Sunday, June 03, 2007

Pork and Beans

"I cannot undertake to lay my finger on that article of the Constitution which granted a right to Congress of expending, on objects of benevolence, the money of their constituents...." James Madison, father of the United States Constitution, made this statement with the firm belief that our republic needed checks and balances to limit the influence of special interests, even the special interests of benevolence.

Was he speaking of government grants to life saving fire halls? Probably not. It was about tax funds expended for the designs of special interests.

The problem is that guilt is often associated with "benevolence" and who wants to criticize and risk being called cold hearted or stingy? However, taxes are not collected for discretionary purposes. Most still believe that the agreement between the citizens and the government is to provide protection, promote commerce, educate the population, and to provide important protection from sanitary and public health threats.

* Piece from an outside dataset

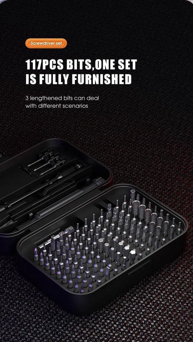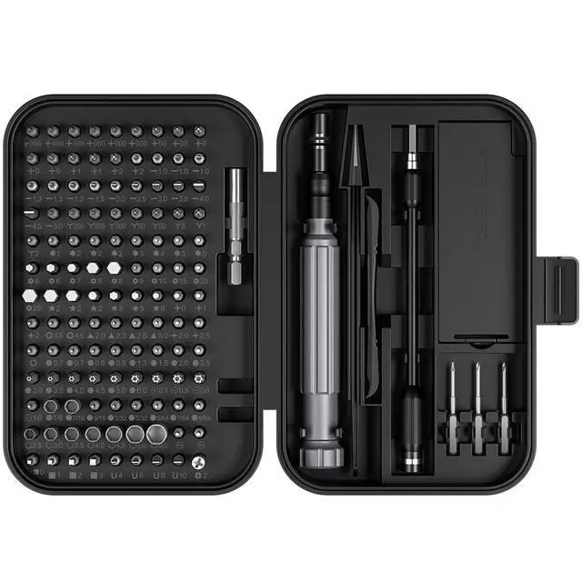 Unlock your inner handyman with this 150-piece precision screwdriver set. Whether you're repairing electronics, assembling furniture, or tinkering with hobbies, this comprehensive kit has the right tool for every job. Crafted with durable materials, these screwdrivers offer a secure grip and precise fit for intricate tasks. The set includes a wide range of flat-head, Phillips, Torx, and specialty bits to tackle any screw size or shape. Conveniently organized in a sturdy case, you'll always have the perfect screwdriver at your fingertips. Upgrade your toolkit and conquer any repair or assembly project with confidence. Suitable for professionals and DIY enthusiasts alike.

Largely, we do have checks and balances. However, when it comes to subjective appropriations like many the Governor is proposing in his supplemental budget, gifts the Tennessee Center for Policy Research's report calls “goodies and giveaways,” we all realize that few checks and balances are employed. We may rationalize such gifts but reports reveal that they are often to organizations directed by political campaign contributors.

If one disregards guilt and asks the tough questions that are asked for any other expenditure of public funds, one should ask where is the objective design, list of goals, application and determination process, assurance of nondiscrimination, and fair notice of opportunity for all who may wish to benefit from such expenditures of public funds? In addition, how will accountability and efficiency be determined for the fruits of the taxpayer’s labor?

What about purpose? Do the grants strictly meet the purpose for which government is intended or are they just something nice to do? Most could be content to do nice things with other people’s money all day long; especially if it created endearment.

It is sad that such expenditures are exactly enough so that the taxpayers cannot enjoy a decrease in their own taxes to spend their own funds as they see fit.

Certainly the children of a single mother making $27,000 per year might enjoy a publicly supported history project, if, and to whatever extent, they actually spend time reviewing it. But does she really have the latitude in her budget for us to spend money on such items? Does not the “family unit,” and ensuring its strength, aid society in far greater ways and much more permanently? Shouldn't other people, private people with ability, be supporting such projects?

In truth, the government’s contribution to non-profit organizations is their tax exempt status. Because their mission is to perform a ‘public good’ non-profits are granted the privilege and benefit of not having to pay taxes on purchases, property and income. However, in return, they must prove their utility through reporting.

The fact is too many conflicts abound to spend public funds in such a manner. A politician could buy political endearment and payback for past and future support. Or an elected official may serve on the board of a recipient organization and thereby have a direct hand in spending the taxpayer’s funds. The ability to make such appropriations is not simply a right, or entitlement, of being elected.

James Madison was incredibly intelligent; enough to realize that there are no limits to the provision of benevolence when a huge treasury, guilt and political gain tango with each other.